Q: "I need 3KHz PWM from my AB PLC, how do I do this"
A: "You can't but there is a 3rd-party module ($$$$) that you can add-on"
The expired license or discontinued hardware thing happens all the time.
With MCUs, all we need is galvanic isolation and shielding and we're just as rugged as any PLC. My own concept, I dub MTTR-ZH (mean time to repair - zero hours) which is achieved by simply supplying a redundant system. The cost is a drop-in-the-bucket compared to big-name PLC products.
Craig
And there's a segue back to topic!
A PLC as the 'Top Object'
Some PLC oriented perfboarded projects:
These were all VERY simple applications that used a Px because:
I love it
Don't suppose you have pics of that battery bank, keeping the mill alive?

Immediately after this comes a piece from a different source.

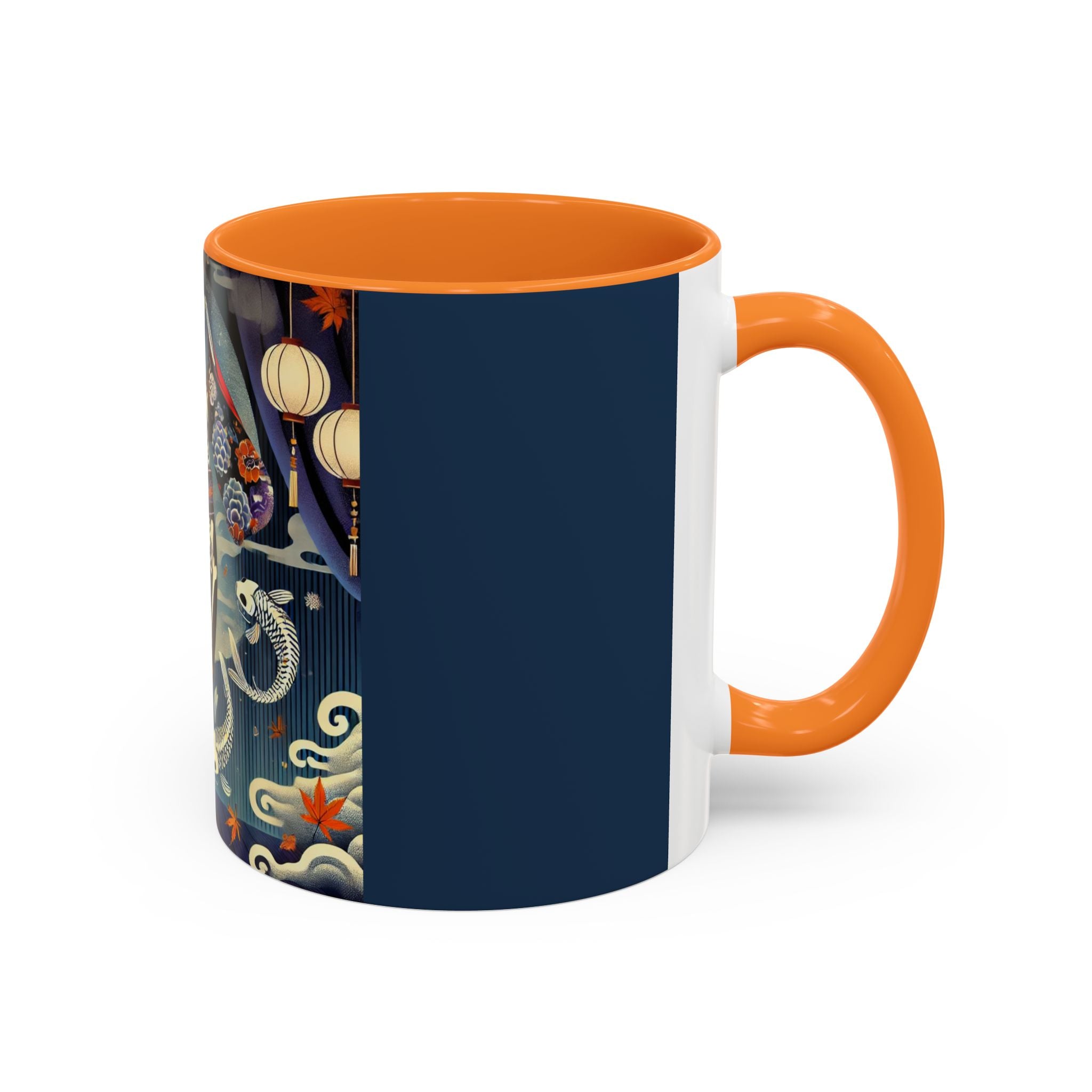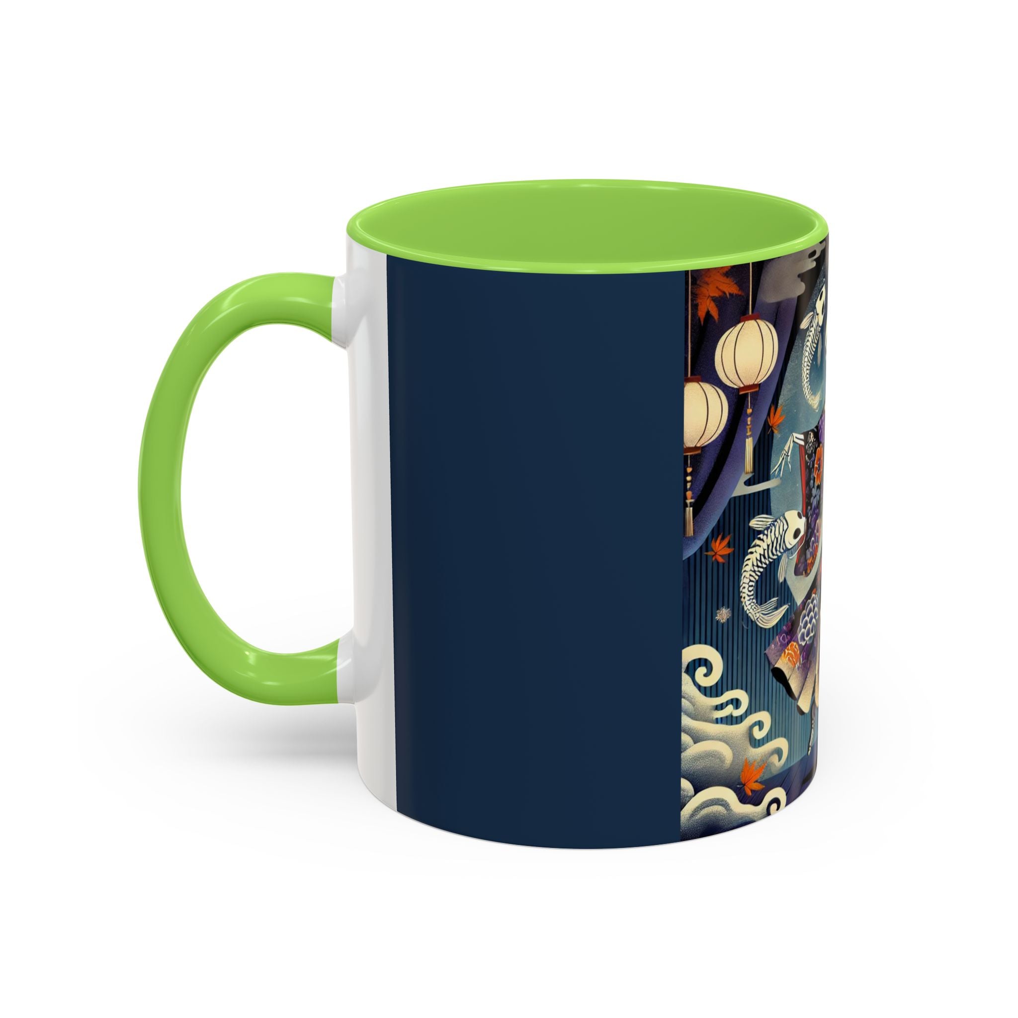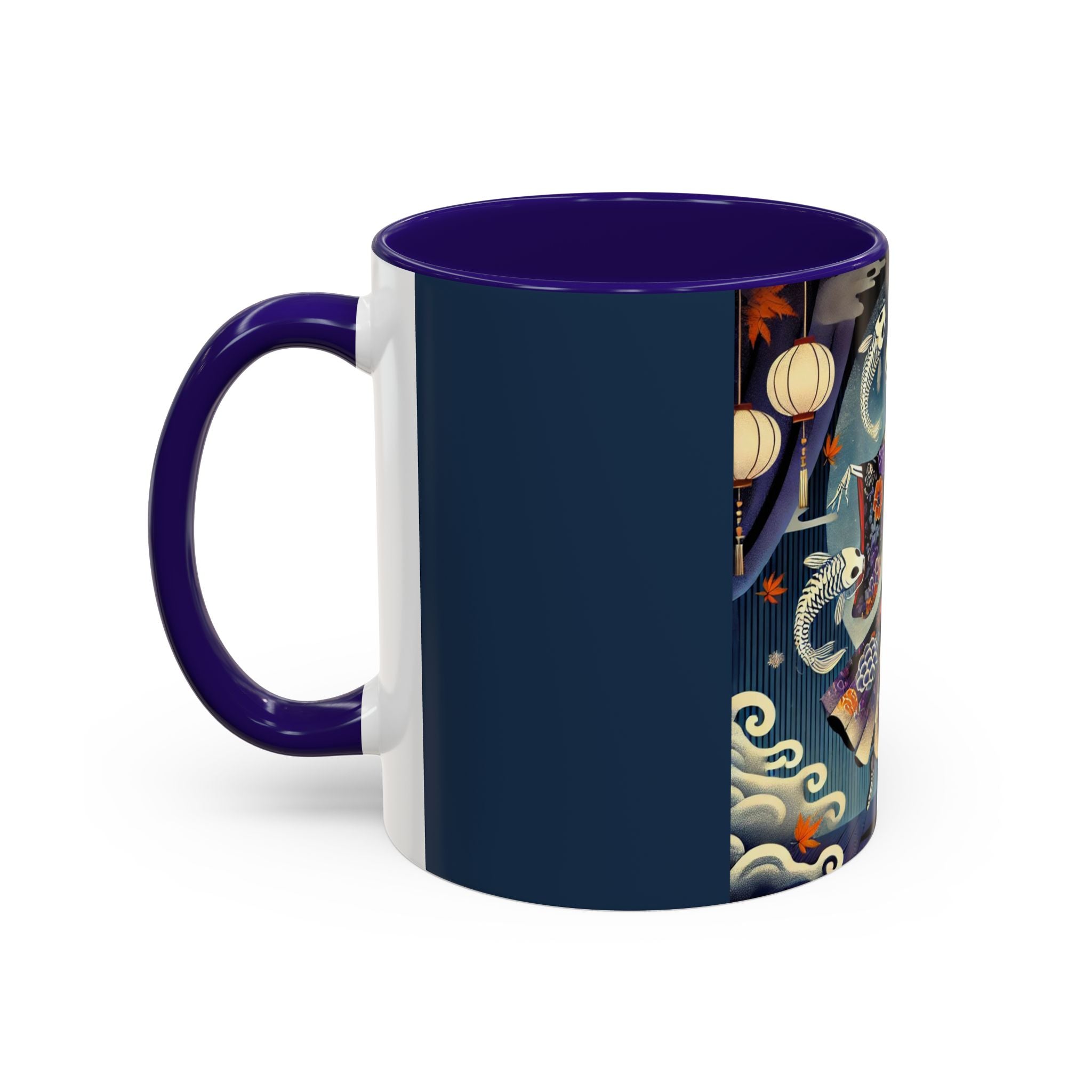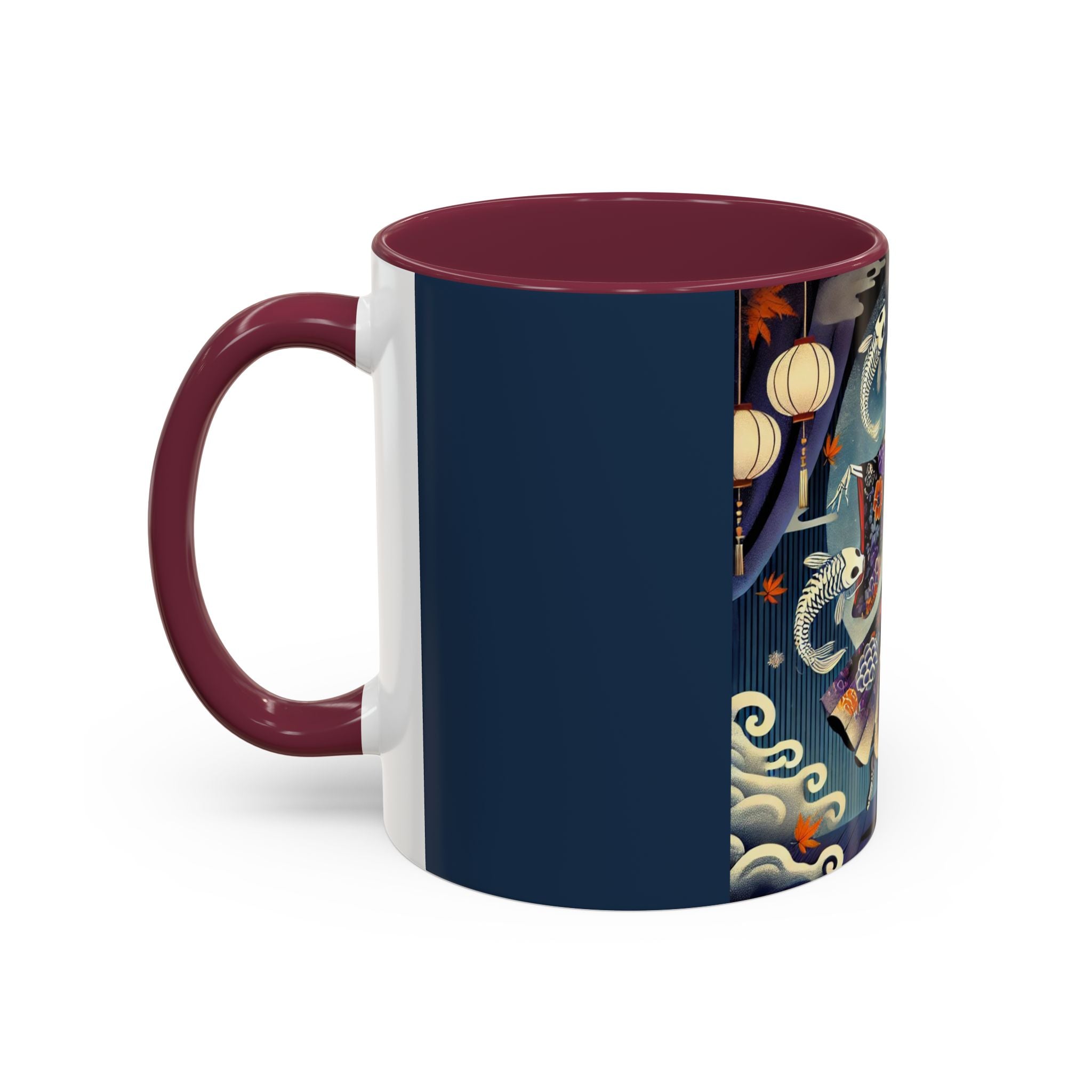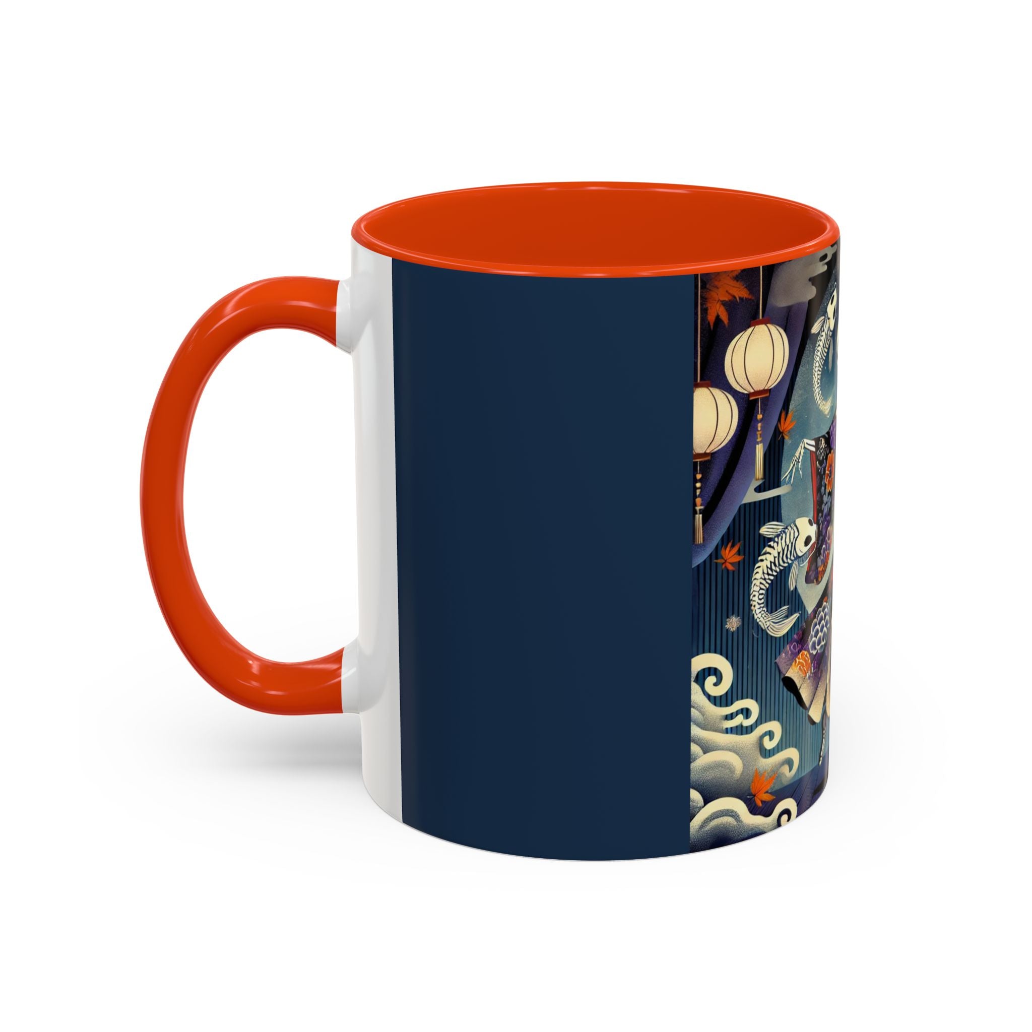 Bring a touch of theatrical Halloween flair to your daily routine with the Skeleton Kabuki Performer Mug. Available in 11oz or 15oz sizes and 12 color options, each mug features a glossy finish, colored handle, and interior that perfectly frames the artwork. The design showcases a Kabuki-inspired skeleton dancer mid-motion, draped in a dramatic skeleton-patterned kimono. Blending the elegance of Japanese theater with spooky seasonal charm, this mug is as durable as it is enchanting—ideal for coffee, tea, or festive gatherings.

We don't just throw our hands up with an "oh well, we're screwed", we get creative and find alternative solutions
Edit: Guessing Kearney Trecker?
Craig
Christof, you have experience with machine vision and Linux boards? I have a job offer for you!
To stay on-topic: I have a customer who uses my P1 based boards for CNC machining. We need to add some cameras to do quality control and tool wear compensation. The P1 or P2 are not suited very well for this job but the combination of all three (PC as GUI, P1/P2 for the motor controls and RPi or similar for the real time picture processing) would make a smart system, I think.
So true. I have already used the P2 for low volume utility applications (production testers, diagnosis tools....) but haven't managed to get one of my "killer applications" running, so far. (EtherCAT master and slave, servo controller, VFD). I don't want to blame Parallax for my own problems but having good documentation (like for the P1) and good compiler and debugging support would definitely help a lot.